(About this exercise): Lines from the one with "Madera de parota" up to and including the one with "Tổng hợp một" are to be copied exactly from the records below, without their pictures.

(Task material):

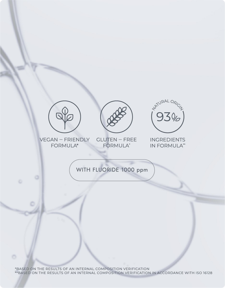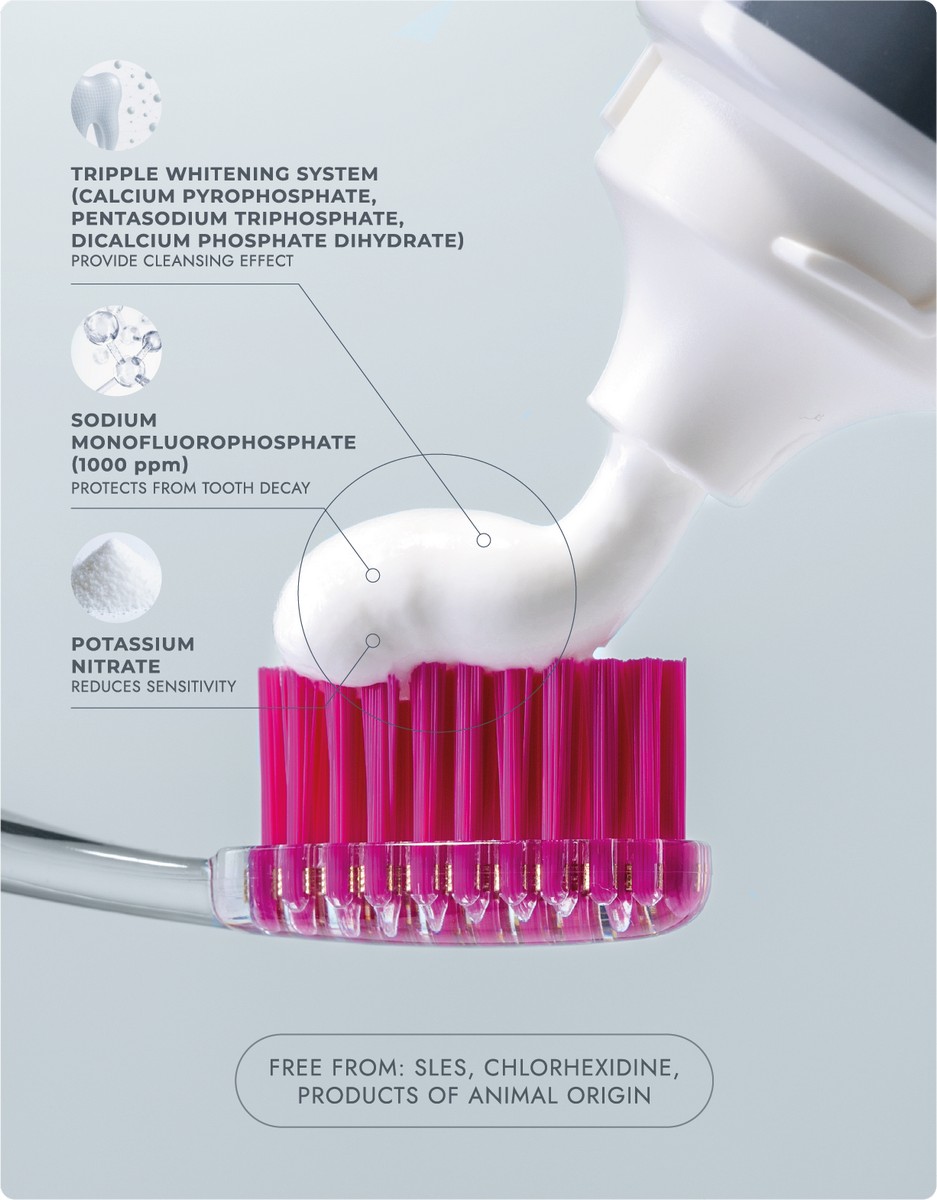 Skład:Aqua, Hydrogenated Starch Hydrolysate, Hydrated Silica, Potassium Nitrate, Dicalcium Phosphate Dihydrate, PEG-8, Calcium Pyrophosphate, Pentasodium Triphosphate, Aroma, Sodium Coco-Sulfate, Cellulose Gum, Sodium Monofluorophosphate, CI 77891, Sodium Lauroyl Sarcosinate, PVP, Sodium Methylparaben, Sodium Saccharin, Menthol, Papain, Limonene. Fluoride content – 0,1 % (1000 ppm).
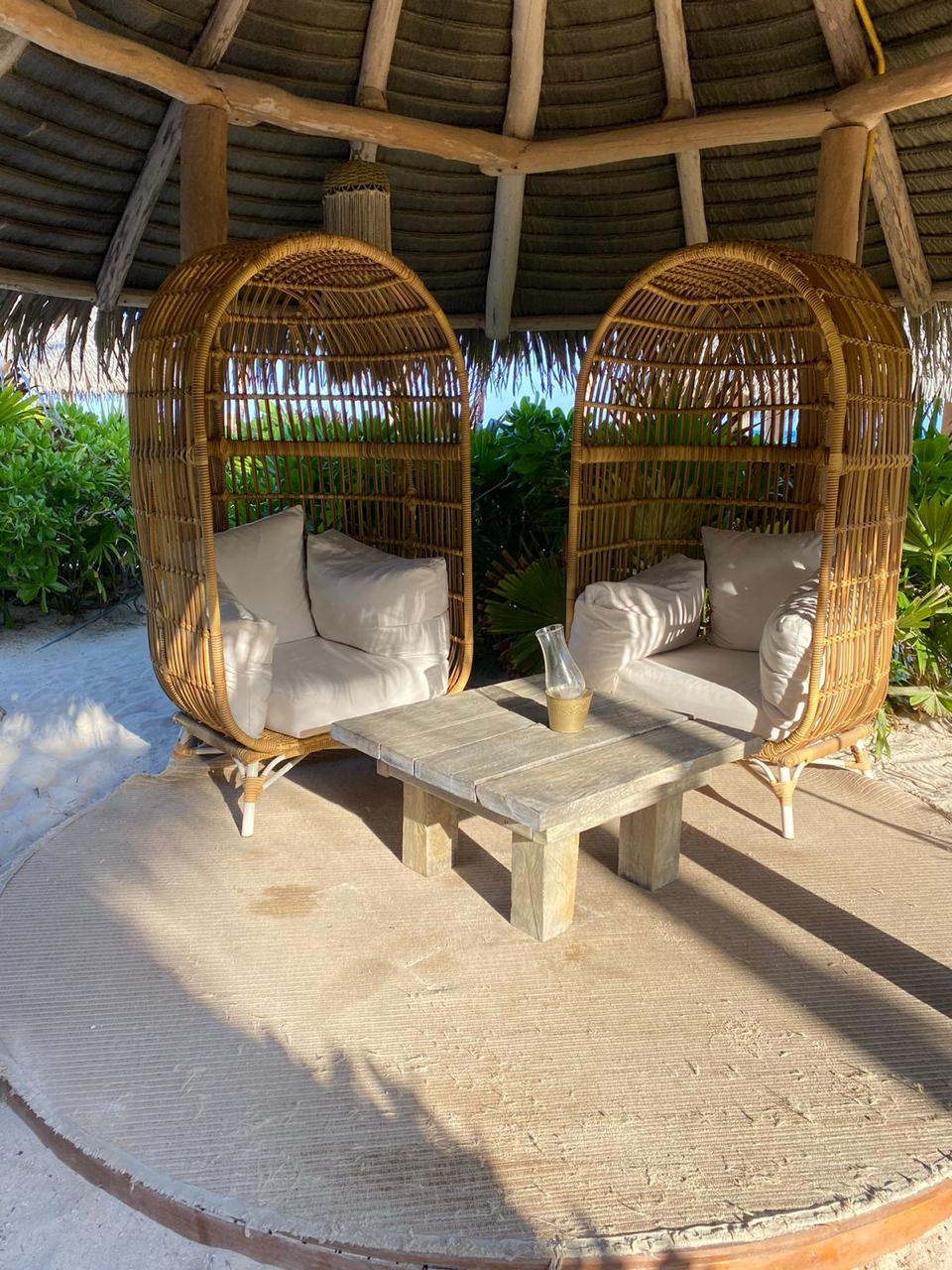 Madera de parota y cojines en tela sumbrella, hule espuma de alta densidad.
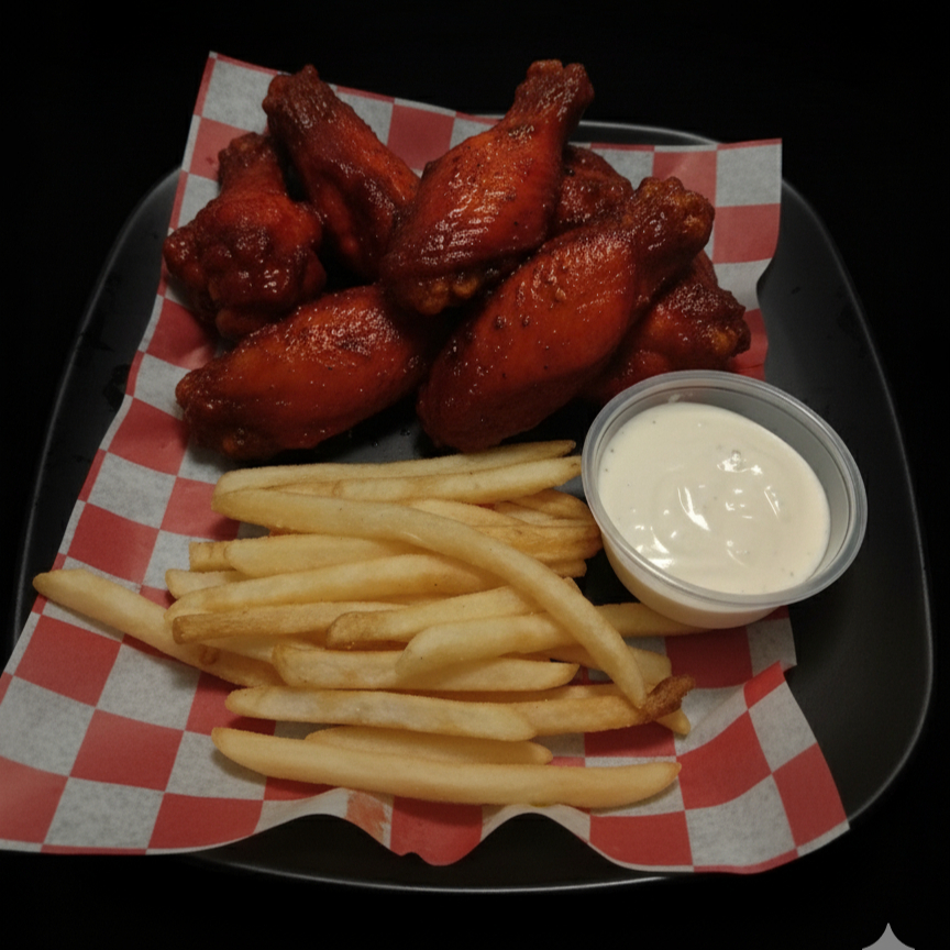 6 alas de pollo enchiladas con una porción de papas a la francesa sencilas y un ader zo ranch
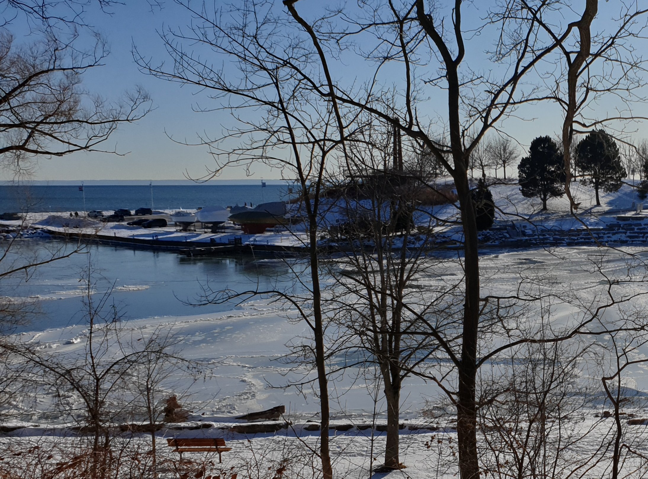 Snow days are still a bit of a novelty for us and I love how freshly fallen snow changes the landscape and streets around us. After a drive into downtown Toronto on Sunday, I wanted to show my family the older part of our town down by the lake. Driving slowly down to the park on the icy side roads we noticed the signs on the older properties, The Shipbuilders house, a Captain’s house, the old post office and the bank, unfortunately the museum is closed on Monday’s but with the sun shining and blue skies the views over Lake Ontario and by the creek were very pretty.
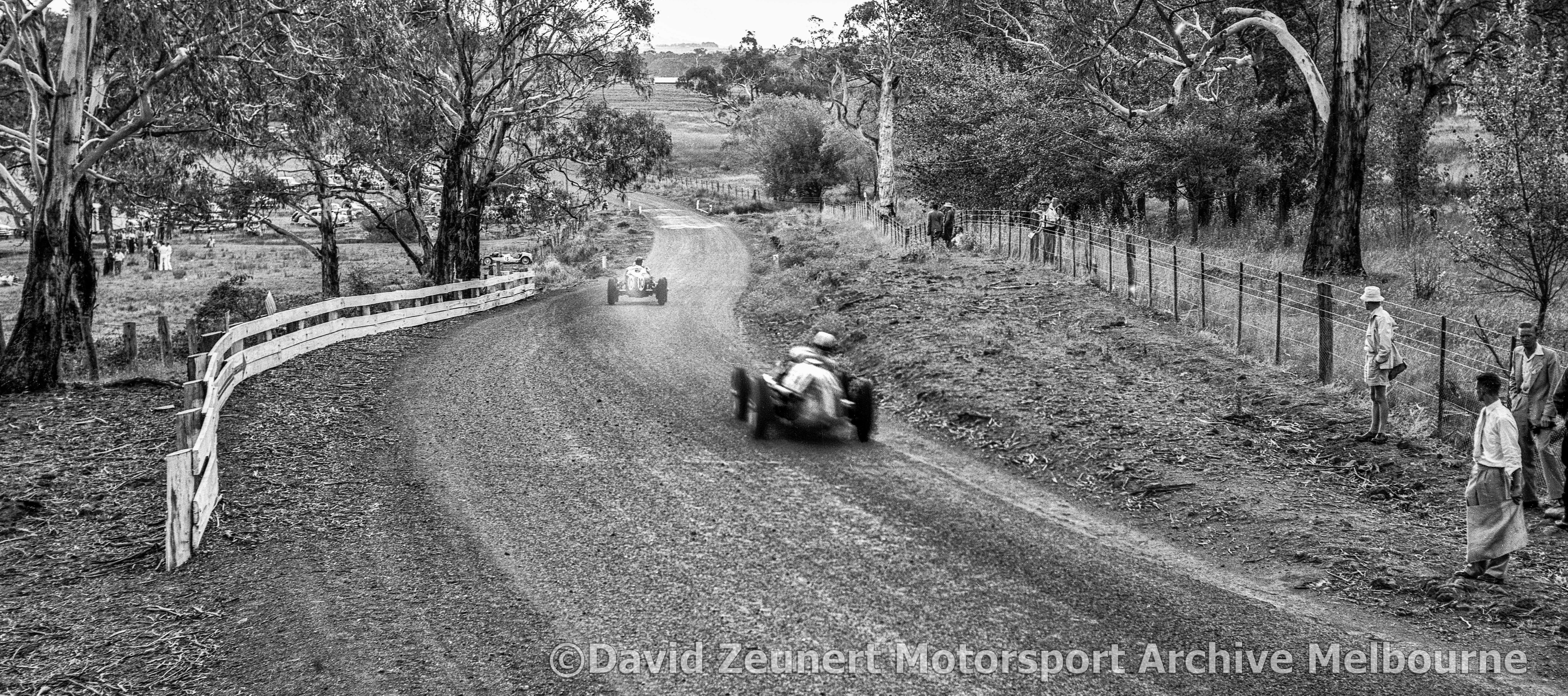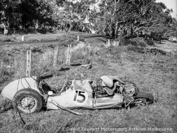 Two cars in Connaghan’s Corner after the right-hand Mrs Mutton’s Corner and then the downhill The Dip. Ian has lost adhesion and left the circuit on the outside, his crashed car is visible with officials well away on the left as, perhaps, the South Pacific Trophy takes place. Superb, rare angle of this section of this road circuit whilst noting the sad scene Reg Hunt reveals
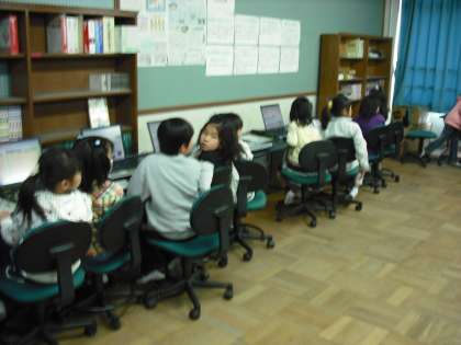校内にある野草の名前をコンピュータを使って調べています。図鑑を開けると写真と文で説明があり,わかりやすいね。コンピュータの扱い方にも早く慣れてね。
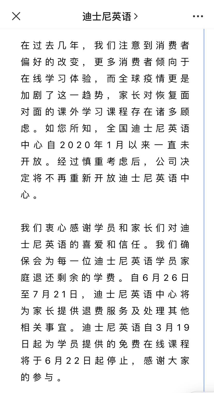 今日(6月22日)中午,迪士尼英语在其微信公众号发布《致迪士尼英语学员及家长的一封信》,宣布公司将不再重新开放迪士尼英语中心,并确保为每一位学员家庭退还剩余的学费。自6月26日至7月21日,迪士尼英语中心将为家长提供退费服务及处理其他相关事宜。迪士尼英语自3月19日起为学员提供的免费在线课程将于6月22日起停止。
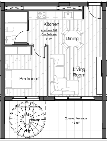 The apartment consists of an open-plan kitchen connected to the living and dining area, one bedroom and a main bathroom.
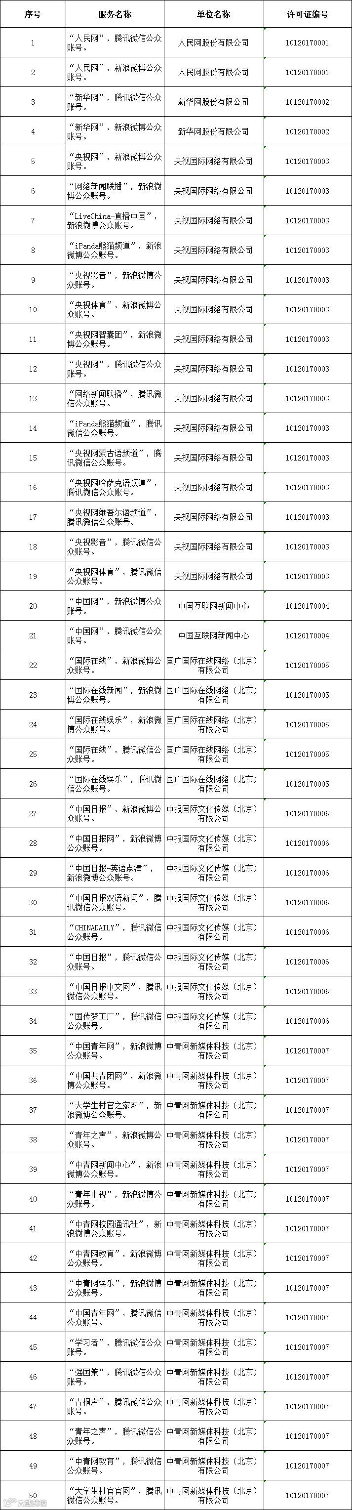 《规定》实施以来,国家互联网信息办公室组织开展互联网新闻信息服务许可证换发工作。现将中央互联网新闻信息服务单位相关许可信息予以公开,包括:互联网站94个,应用程序50个,论坛14个,博客6个,微博客2个,公众账号292个,即时通信工具1个,网络直播3个,共计462个服务项。
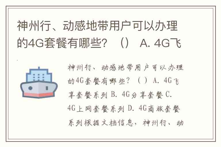 神州行、动感地带用户可以办理的4G套餐有哪些?() A. 4G飞享套餐系列 B. 4G分享套餐 C. 4G上网套餐系列 D. 4G商旅套餐系列
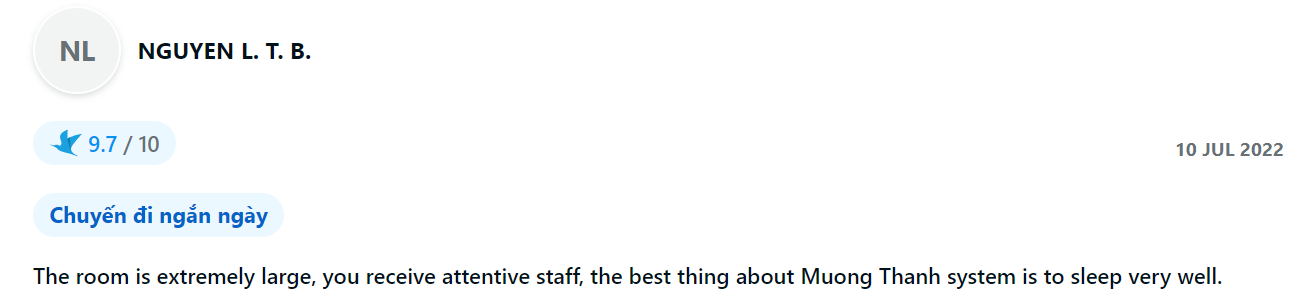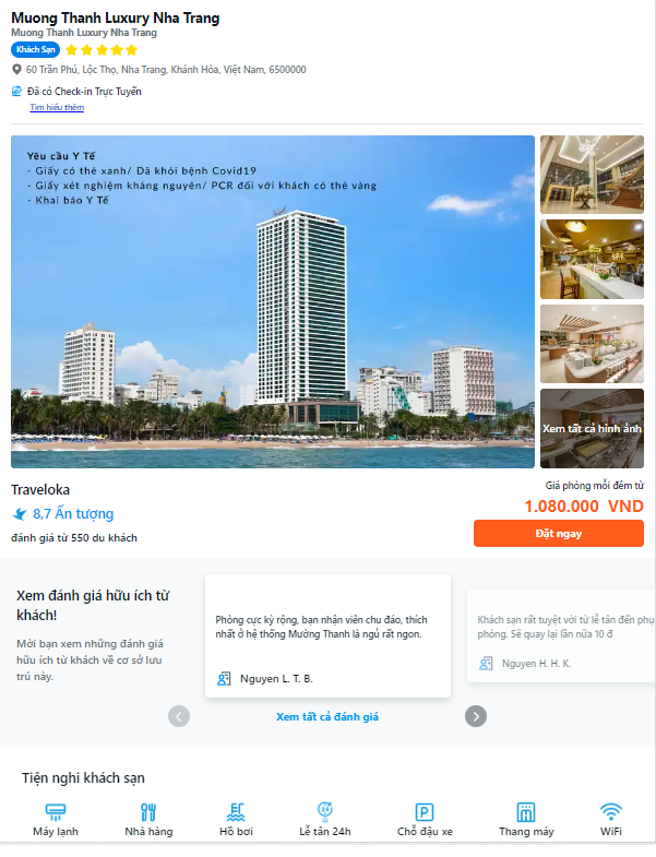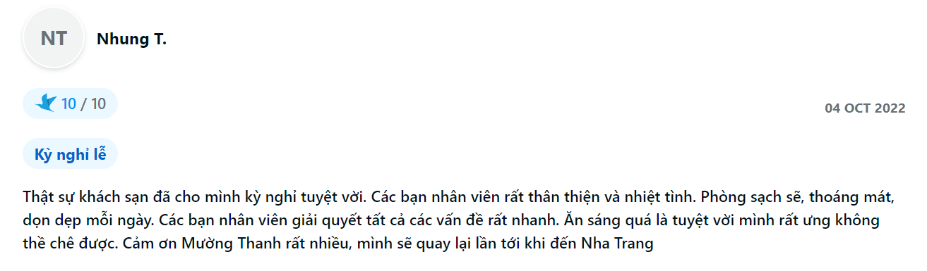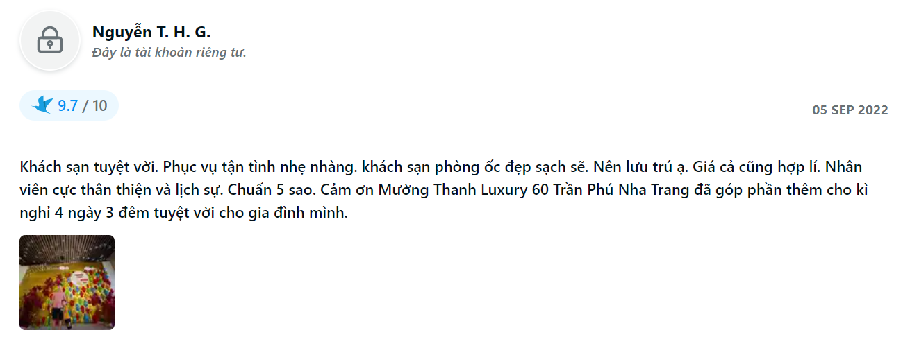 Tổng hợp một số đánh giá của du khách khi lưu trú tại khách sạn Mường Thanh Nha Trang Nguồn: @traveloka.com
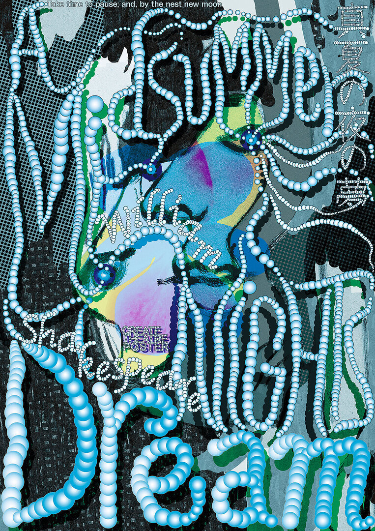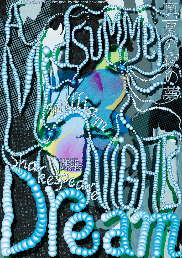 William Shakespeare’s comedy “A Midsummer Night’s Dream” is set in ancient Athens and a nearby enchanted forest which is inhabited by fairies who are also important characters of the play. The poster conveys the endless storm of emotions typical of Shakespeare’s works. This is made possible by the use of vibrant, space-filling bilingual typography which additionally intensifies the emotional impact.
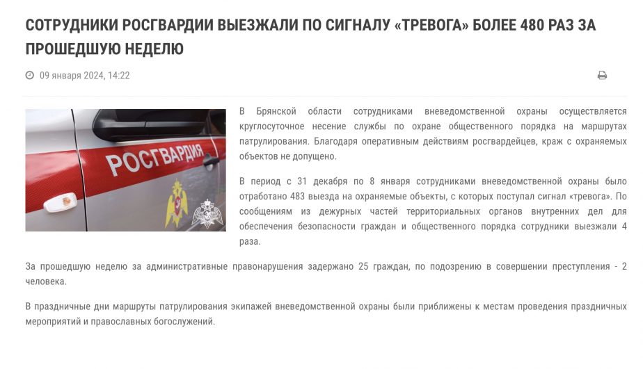 Брянское управление Росгвардии затихло на месяц. Очевидно, пока шел разбор полетов, как оружие оказалось в руках ребенка, как проверялось частное охранное предприятие, которому была доверена охрана гимназии, ведомству было не до отчетов. После проверки управление возобновило бессмысленные доклады о количестве выездов.
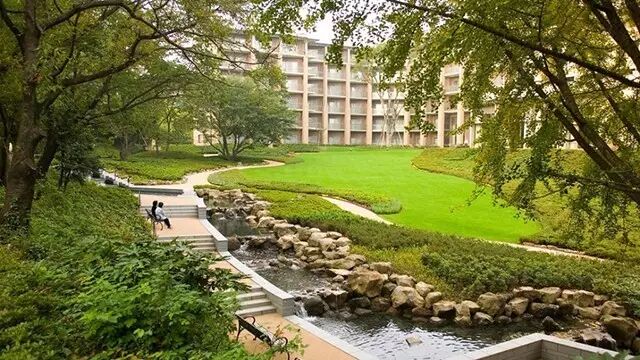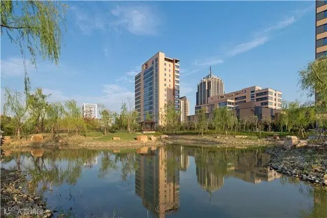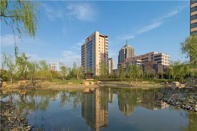 4、水景空间设计,水是灵动之源,在南区中庭中,设置一组鲤鱼池,为老人增添愉悦之感。而在北区花园中央,设计集垂钓、观赏等功能为一体的水池景观,配有组团绿化、岛屿、鱼和其他水生植物,让老人享受生态山水的诗意与野趣,使人心旷神怡。

(Answer section):
 Madera de parota y cojines en tela sumbrella, hule espuma de alta densidad.
 6 alas de pollo enchiladas con una porción de papas a la francesa sencilas y un ader zo ranch
 Snow days are still a bit of a novelty for us and I love how freshly fallen snow changes the landscape and streets around us. After a drive into downtown Toronto on Sunday, I wanted to show my family the older part of our town down by the lake. Driving slowly down to the park on the icy side roads we noticed the signs on the older properties, The Shipbuilders house, a Captain’s house, the old post office and the bank, unfortunately the museum is closed on Monday’s but with the sun shining and blue skies the views over Lake Ontario and by the creek were very pretty.
 Two cars in Connaghan’s Corner after the right-hand Mrs Mutton’s Corner and then the downhill The Dip. Ian has lost adhesion and left the circuit on the outside, his crashed car is visible with officials well away on the left as, perhaps, the South Pacific Trophy takes place. Superb, rare angle of this section of this road circuit whilst noting the sad scene Reg Hunt reveals
校内にある野草の名前をコンピュータを使って調べています。図鑑を開けると写真と文で説明があり,わかりやすいね。コンピュータの扱い方にも早く慣れてね。
 今日(6月22日)中午,迪士尼英语在其微信公众号发布《致迪士尼英语学员及家长的一封信》,宣布公司将不再重新开放迪士尼英语中心,并确保为每一位学员家庭退还剩余的学费。自6月26日至7月21日,迪士尼英语中心将为家长提供退费服务及处理其他相关事宜。迪士尼英语自3月19日起为学员提供的免费在线课程将于6月22日起停止。
 The apartment consists of an open-plan kitchen connected to the living and dining area, one bedroom and a main bathroom.
 《规定》实施以来,国家互联网信息办公室组织开展互联网新闻信息服务许可证换发工作。现将中央互联网新闻信息服务单位相关许可信息予以公开,包括:互联网站94个,应用程序50个,论坛14个,博客6个,微博客2个,公众账号292个,即时通信工具1个,网络直播3个,共计462个服务项。
 神州行、动感地带用户可以办理的4G套餐有哪些?() A. 4G飞享套餐系列 B. 4G分享套餐 C. 4G上网套餐系列 D. 4G商旅套餐系列
 Tổng hợp một số đánh giá của du khách khi lưu trú tại khách sạn Mường Thanh Nha Trang Nguồn: @traveloka.com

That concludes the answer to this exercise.